# Top 5 supplements



## PUNKem733 (Jun 12, 2009)

Maybe this could be a sticky. Just name your top 5 or 3 or 2 supplements that a dog would thrive on, or would be a good idea for our canine buds.


----------



## Doc (Jan 17, 2009)

Mega C
Salmon Oil 
Vitamin E
Bac Pac Nzymes


----------



## RawFedDogs (Jun 16, 2008)

Salmon Oil would be the only one unless your dog has a medical condition that would warrant additional supplementation.


----------



## Doc (Jan 17, 2009)

You get better utilization of the salmon oil if it is administered with additional Vitamin E.

I would really consider additional Vitamin C (ascorbic forum). Mega doses can curtail skin allergies, help in collagen production, and boost the immunity system. Of all animals, the dog is the worst producer of vitamin C. The levels produced by a dog naturally is barely enough to cover what is needed when in perfect health.

I'll give you a pass on the nzymes RFD


----------



## SaltyDog (Mar 10, 2010)

Wholistic Canine Complete (whole foods supplement, digestive enzyme, blood builder and detox, essential fatty acid, vitamins, minerals)
BioPrepartion (neutraceutical and whole foods supplement)
Salmon Oil (my favs....Wholistic Pet Organics, Nordic Naturals, Aunt Jeni's)
Earth Animals (natural flea and tick control)
Wholistic Canine Complete Joint Mobility (whole foods supplement with glucosamine, chondroitin and msm)


And I disagree with Doc on the Vitamin C in ascorbic form. Ascorbic is synthetic. Ester C is the way to go.



Currently my dogs use Wholistic Canine Complete Joint Mobility and Earth Animals Natural Flea & Tick.

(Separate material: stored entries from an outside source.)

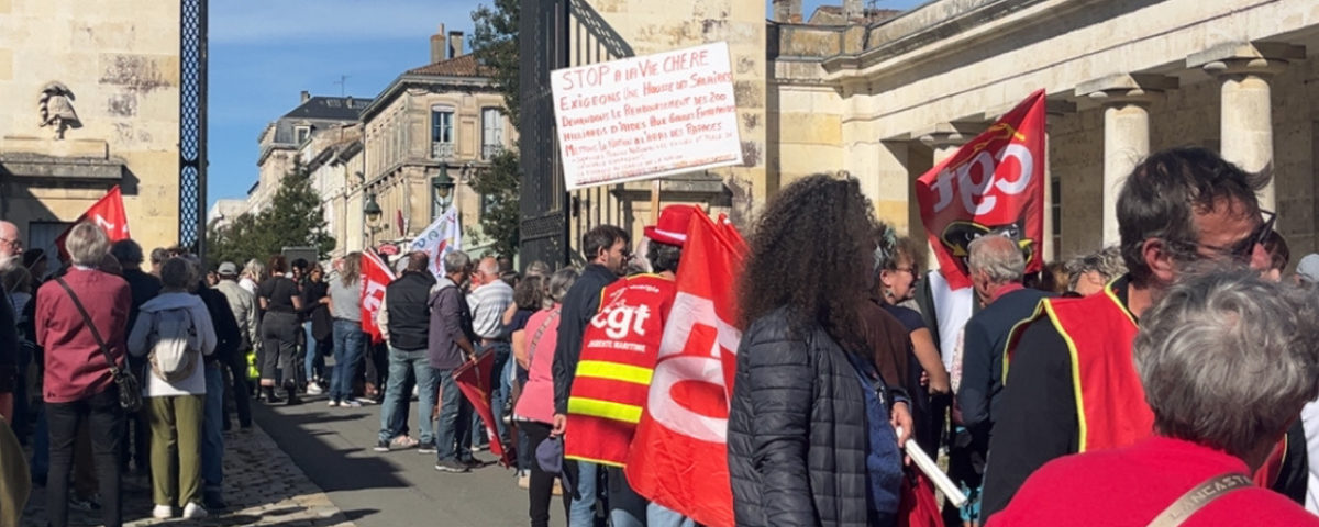 Mobilisation en baisse en Charente-Maritime. Hier, la nouvelle journée d’action interprofessionnelle contre le budget de l’État et l’injustice sociale a rassemblé moins de personnes dans le département que le 18 septembre dernier. Ils étaient 1 600 manifestants contre 6 000 deux semaines plus tôt. 700 l’après-midi à La Rochelle, 400 dans la matinée à Saintes, une trentaine à Saint-Jean-d’Angély, autant à Jonzac et environ 450 à Rochefort. Rochefort où le cortège a défilé en ville, bien décidé à maintenir la pression sur le chef de l’État, son Premier Ministre et le futur gouvernement, à l’image de Cécile They, aide-soignante à l’hôpital de Rochefort et membre du syndicat CFTC santé sociaux 17 :
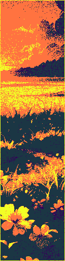 To match the image colours to the palette I used color quantization, and with full, half and monochrome palettes I need 3 images. The full and monochrome images each have 4 colours, but the halftone is done a little different. We dont quantize the half tones, we quantize the full tone and combine it with the monochrome. This leads to images with 4 hues, each with up to 4 tones. It was a happy accident really, but it adds a lot of depth to the image while keeping the restricted colour palette I wanted, so I decided to keep it.
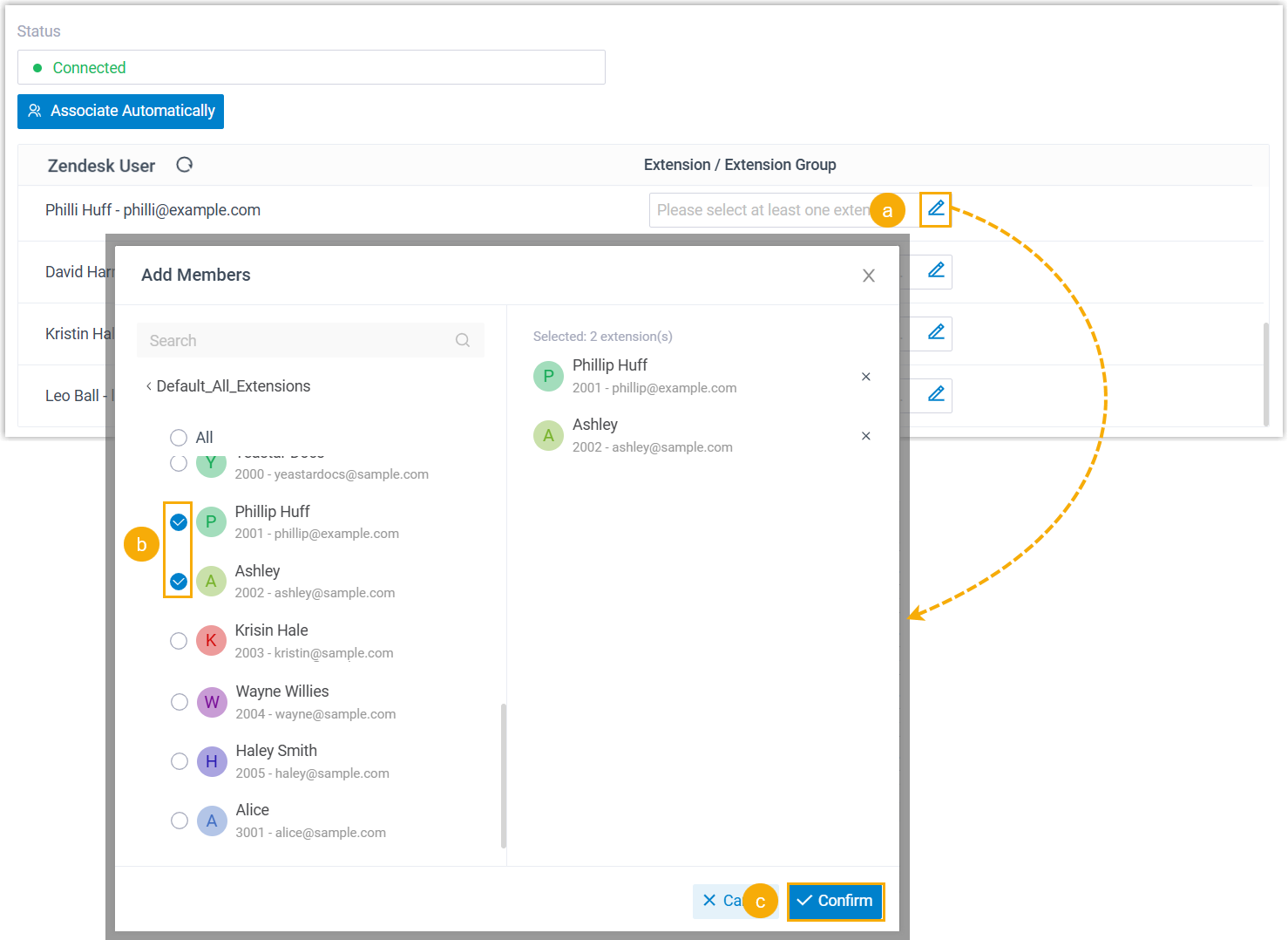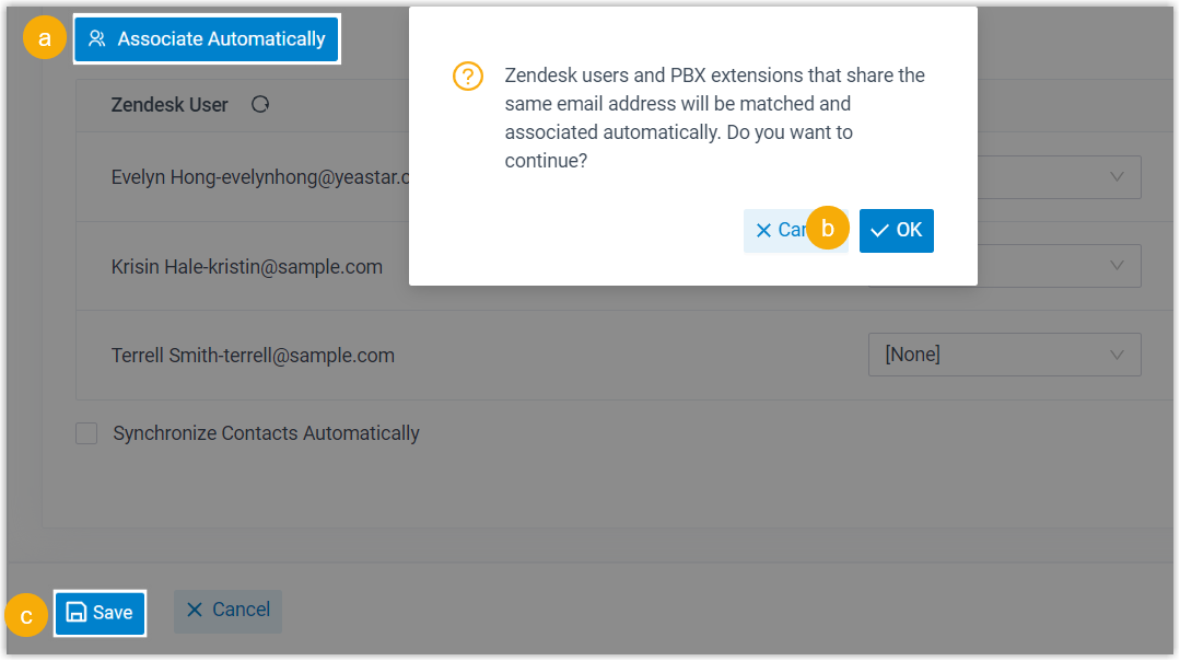 - Associated Zendesk users can make or receive calls with their PBX extensions.

My 9 month old puppy was diagnosed with a heart arrhythmia. She is on an Omega 3 with 160mg of EPA and 120mg of DHA once a day.


----------



## PUNKem733 (Jun 12, 2009)

I'm just trying to get a feel for what might be a good supplement or two to add to his diet. So far I give my guy New Zealand Hoki fish oil. It's much higher in the main 3 Omega 3s, DPA, DHA, and EPA than any other fish, and it comes the deep ocean.


----------



## sal101011 (Jan 17, 2010)

1. Nordic Naturals Cod Liver Oil (if I supplement cod liver, only give about 2 times a week)
2. Grizzly Salmon Oil | Grizzly Salmon Oil Dogs (not given in conjunction with cod liver, but i would give this every day when I am not giving cod liver oil every 2 times a week, so i would do 3 months salmon oil and next 3 months cod liver)
3. Olive oil - Wikipedia, the free encyclopedia (good ole olive oil, every so often i will give that)
4. The Honest Kitchen Perfect Form Supplement (this is great for when my pooches have digestive issues)

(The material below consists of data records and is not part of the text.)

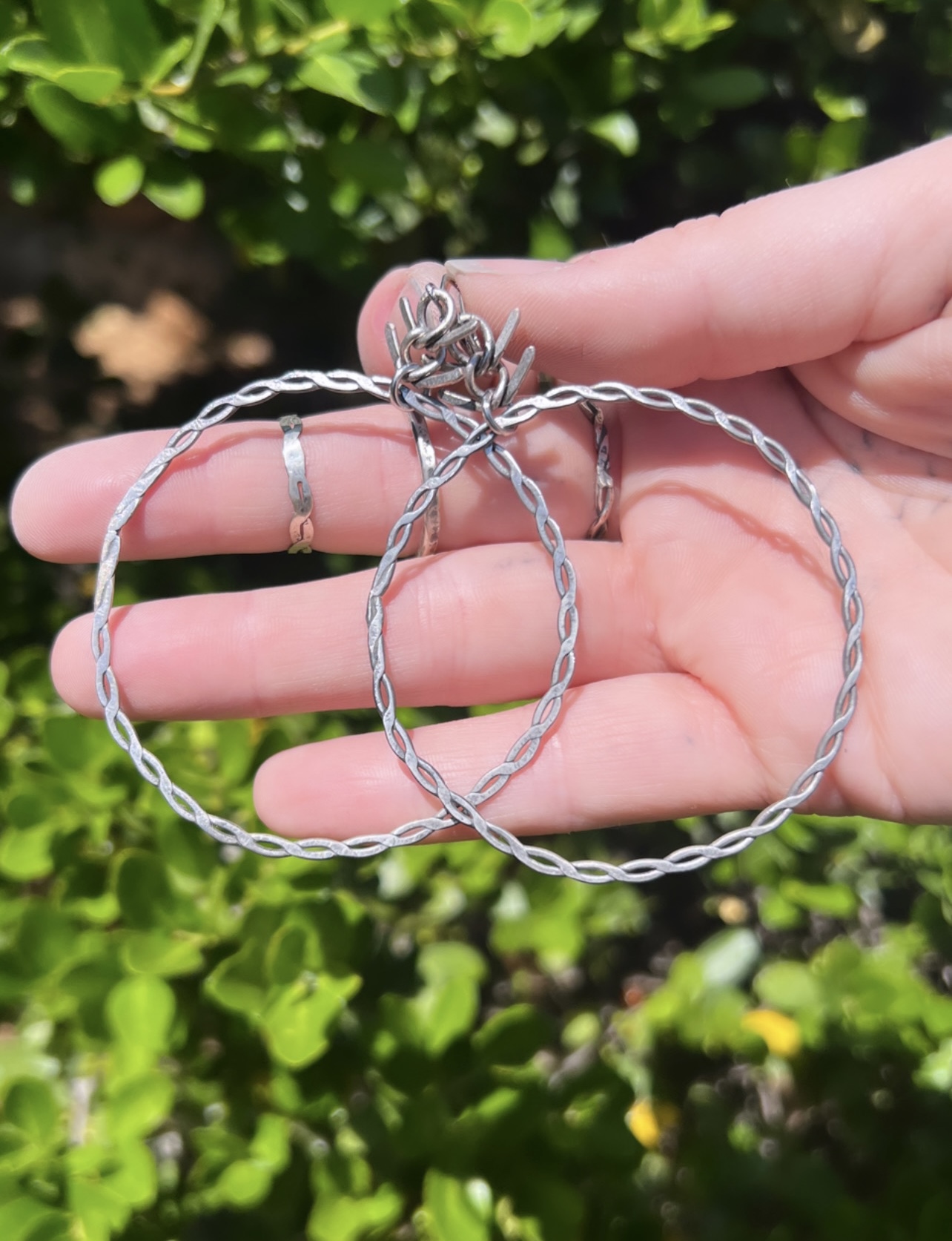 Hammered sterling silver hoops, 3 inches width. Extremely light.
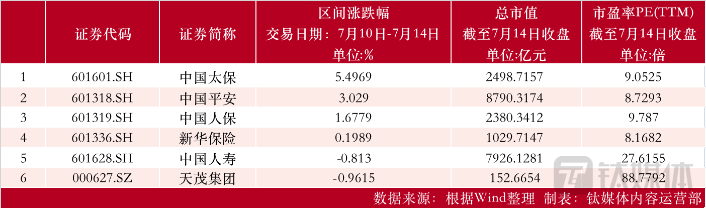 截至7月14日收盘,中国平安、中国人寿和中国太保位列保险行业市值前三,市值分别为8790.31亿元、7926.12亿元和2498.71亿元。市盈率前三为天茂集团、中国人寿和中国人保,分别为88.77倍、27.61倍和9.78倍。
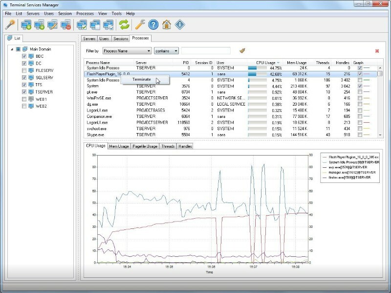 This program shows which user is connected to the remote host, what processes they are running, and how many server resources (CPU and memory) they use. You can send users messages, disconnect them from the server, or connect to their sessions remotely.
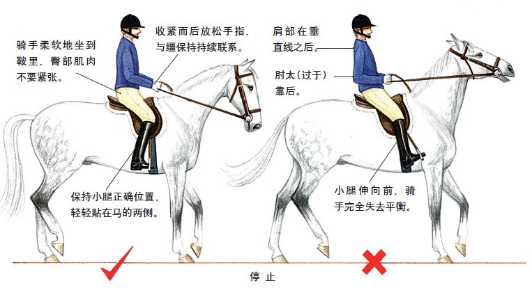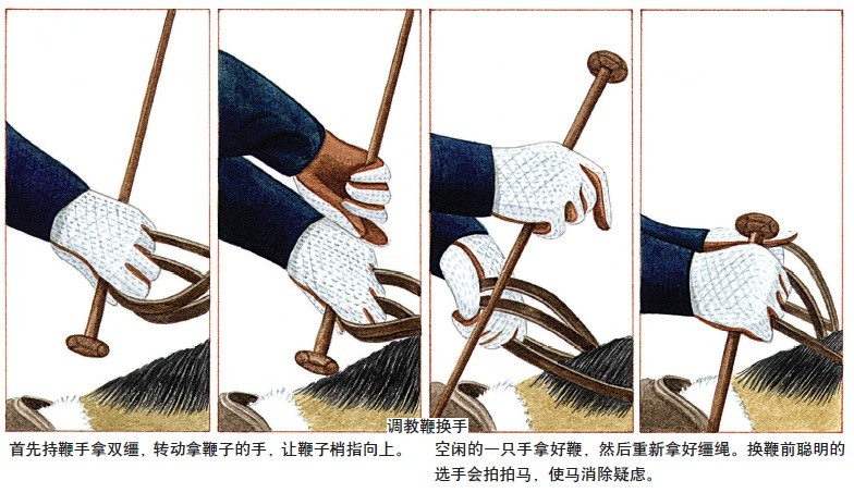 身體的重量 初學者特別應(yīng)注意坐在鞍子中間,平均分配體重。一旦扭曲畸形習慣養(yǎng)成是很難改正的。 扭曲習慣的騎手也會使馬變得扭曲,因為馬總是處于騎手重心之下并朝著重心方向前進。 坐姿不正的騎手可通過不一樣長的蹬帶看出。事實上,是很可能由于騎手滑向左側(cè)或右側(cè),就會把身體更多的重量放到相應(yīng)的腳蹬上。 轉(zhuǎn)彎和圈乘的練習中,當馬換方向時,普遍的錯誤是騎手會滑向鞍子外側(cè)。騎手內(nèi)側(cè)髖關(guān)節(jié)垮掉重量放到外側(cè)腳蹬。向內(nèi)側(cè)倒也是錯誤的。 總是偏向一側(cè)的騎手,他跳障礙時,馬匹通常是扭曲的。當馬騰空時,騎手偏向右側(cè)馬匹就會向右轉(zhuǎn)。這一點騎手可以加以利用。 必要時好的騎手會用重心給馬一個微妙的影響。特別是在高水平的訓(xùn)練或比賽時,對馬的影響會更大。選手使用重心時,會輕輕向前推動一側(cè)或兩側(cè)髖關(guān)節(jié)。 當騎手已經(jīng)養(yǎng)成扭曲畸形的壞習慣,首先要求他的坐姿兩側(cè)均平穩(wěn)正直,而只考慮重心輔助。 長期畸形的騎手,不僅對自己本身的能力與輔助運用有壞的影響,在這樣使用輔助時也會使馬偏于一側(cè),讓馬僵硬。 騎手的聲音 訓(xùn)練馬匹的過程中,人類的聲音扮演著重要的角色。 自從馬匹與人類相處以來,它就學會理解人類各種各樣的聲音語調(diào)。這些聲音與喂養(yǎng)時間、愉快、責備等緊密相連。一般情況下,當叫馬匹時它知道過來。對指令也有反應(yīng),例如“立定站好”。 當馬匹長大些,就要進行打圈訓(xùn)練,它要學習不同的要求指令,例如:“慢步”、“快步”、“跑步”、“立定”、“穩(wěn)定”和“很好”。一旦口頭要求變成一系列的身體指令時,我們稱之為“輔助”。但是相當長時間那些口頭命令就成為騎手的輔助,這些輔助可以讓馬更明白我們的要求。 即使訓(xùn)練到最高水平,同樣要用到聲音。聲音能夠讓馬愉悅、安靜、緩和、受到鼓舞或是責備,所有這些取決于騎手如何使用聲音輔助。 馬匹會很快獲悉騎手的感覺,對緊張或攻擊性詞語做出相應(yīng)的反應(yīng)。 騎手的驚恐或尖叫會使馬更緊張。他也可以用溫柔的話語讓馬很快地安靜下來。 要讓馬匹知道它做得很好,這一點至關(guān)重要。騎手的一句:“很好”會讓馬高興并受到鼓勵。責備的喉音則表明不高興。 要注意用相同的話語,相同的語調(diào),馬匹會對相應(yīng)的聲音語調(diào)有反應(yīng)。 初學騎手的基本輔助 初學者應(yīng)知道的第一件事就是如何讓馬匹停止。 騎手的身體是正直的,既不能前傾,也不向后仰。小腿輕輕地靠到馬匹兩側(cè),不應(yīng)夾緊或僵硬。保持與韁的聯(lián)系:輕握住手指,指尖觸到手掌,可控制韁繩的松緊。在馬匹完全明白你的指令之前,騎手可重復(fù)做收放手指的動作。一句溫柔的“哦”“停”都可以幫助馬匹理解指令。記住,每位騎手給馬輔助的方式都略有不同,必須讓馬調(diào)整并適應(yīng)這輕微的變化。 從立定到慢步或快步:騎手與韁保持穩(wěn)定的聯(lián)系,并在小腿的原位置,向內(nèi)輕輕地擠壓馬匹。馬匹做出相應(yīng)的反應(yīng)時,騎手必須注意不要向后拉動韁繩,但一定保持很好的聯(lián)系。 轉(zhuǎn)向:向左轉(zhuǎn)時,騎手應(yīng)保持體重均等地分配到兩坐骨上,左腿向里靠,腳趾不要向外轉(zhuǎn),握緊左手手指,加大與左側(cè)韁的聯(lián)系。當馬開始轉(zhuǎn)彎時它的脖頸會向前進的方向屈撓。騎手輕微地向前移動右韁, 給它一點。但是不能丟掉右韁,在騎手的手和馬嘴之間必須繼續(xù)保持很好的聯(lián)系。如果右韁太松,馬匹只把脖頸轉(zhuǎn)向左側(cè),然而繼續(xù)直線前進而沒有轉(zhuǎn)向。 人工輔助 馬刺和鞭子是大家熟知的人工輔助。初學者甚至初級騎手不應(yīng)用馬刺,當騎手失去平衡或不能控制腿時,他們就會濫用馬刺。 馬刺最長的金屬臂應(yīng)位于腳的外側(cè),馬刺尖朝下,并沿馬靴的縫合處。金屬扣和帶子的末端應(yīng)在腳的外側(cè)。馬刺的末端應(yīng)光滑,避免傷到馬匹。只用馬刺內(nèi)側(cè)碰到馬體。 對初級騎手而言用長鞭或短鞭,是更安全的。 調(diào)教鞭很長,當騎手手持韁繩時,鞭子同樣可到達騎手的腿后。 調(diào)教鞭不適用于跳障礙,應(yīng)用短的障礙鞭。 使用鞭子時不應(yīng)該盲目,當馬匹忽略騎手腿輔助時,騎手應(yīng)迅速清晰地用鞭提醒馬,這樣比頻繁地靠馬,讓馬失去感覺效果更好。 可以任意手持鞭,但必要時,應(yīng)該換手。如果馬匹不服從,例如,不服從右腿的輔助,鞭子應(yīng)很快換到右手去幫助腿的輔助。 |

thats all I use. at times i would get solid gold's seameal, Solid Gold Health Products for Pets - Products


----------



## Doc (Jan 17, 2009)

SaltyDog said:


> Wholistic Canine Complete (whole foods supplement, digestive enzyme, blood builder and detox, essential fatty acid, vitamins, minerals)
> BioPrepartion (neutraceutical and whole foods supplement)
> Salmon Oil (my favs....Wholistic Pet Organics, Nordic Naturals, Aunt Jeni's)
> Earth Animals (natural flea and tick control)
> ...


You may find the studies with Vitamin C conducted by Benfield and others interesting.


----------



## Doc (Jan 17, 2009)

SaltyDog said:


> Wholistic Canine Complete (whole foods supplement, digestive enzyme, blood builder and detox, essential fatty acid, vitamins, minerals)
> BioPrepartion (neutraceutical and whole foods supplement)
> Salmon Oil (my favs....Wholistic Pet Organics, Nordic Naturals, Aunt Jeni's)
> Earth Animals (natural flea and tick control)
> ...


I should of said ascorbate not ascobic, my mistake. Ascorbate is absolutely essential in the living process and all living forms either produce it endogenously, get it in their food or they perish.

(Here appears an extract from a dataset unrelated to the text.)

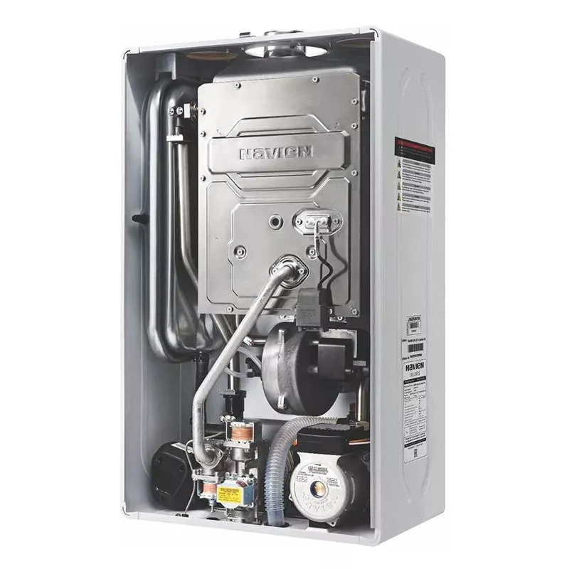 Котел газовый Navien Deluxe S-20K мощностью 20 кВт подходит для нагрева воды в ГВС и отопления помещения площадью до 200 м2. Регулировка температуры происходит с помощью пульта управления, который поставляется в комплекте.
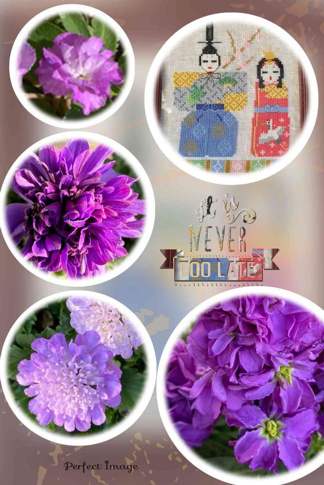 美しい紫色のお花さん達と素晴らしいお雛様の刺繍とても素敵ですね🤗

Daily Production of Ascorbate in Animals

rabbit 226 mg/kg body wt/per day
Goat 190 mg/ kg body wt/per day
Rat 150 mg/ kg body wt/per day
Dog 40 mg/kg/body wt/perday
cat 40 mg/kg body wt / per day
Monkeys, Apes, man 0 mg/ kg body wt/ per day

In a nut shell, since dogs are very poor producers of ascorbate, and the amount needed will vary from one dog to the next, coupled with fact that the liver's function of producing ascorbate will be effected by stress or other toxins in a dog's system (free radicals, disease organisms, etc.) and is unable to produce the ascorbate fast emough and in large enough amounts, i would supplement with Vitamin C in the ascorbate forum to insure optimum levels for a healthy dog.


----------



## Doc (Jan 17, 2009)

No rebuttal RFD? I'm so dissapointed. LOL


----------



## RawFedDogs (Jun 16, 2008)

Doc said:


> No rebuttal RFD? I'm so dissapointed. LOL


Nahhh ... there's no talking to the healthfood nuts who are big on supplements. Some I know feed almost nothing but supplements. I feed my dog a natural balanced diet and they have no need for supplements. Nature handles all that for me. I give my old girl glucosamine because of a bad hip but no other supplements. The young whipper snapper gets no supplements and has never had any in his life. I don't give "just in case" supplements.


----------



## jdatwood (Apr 13, 2009)

Doc said:


> You may find the studies with Vitamin C conducted by Benfield and others interesting.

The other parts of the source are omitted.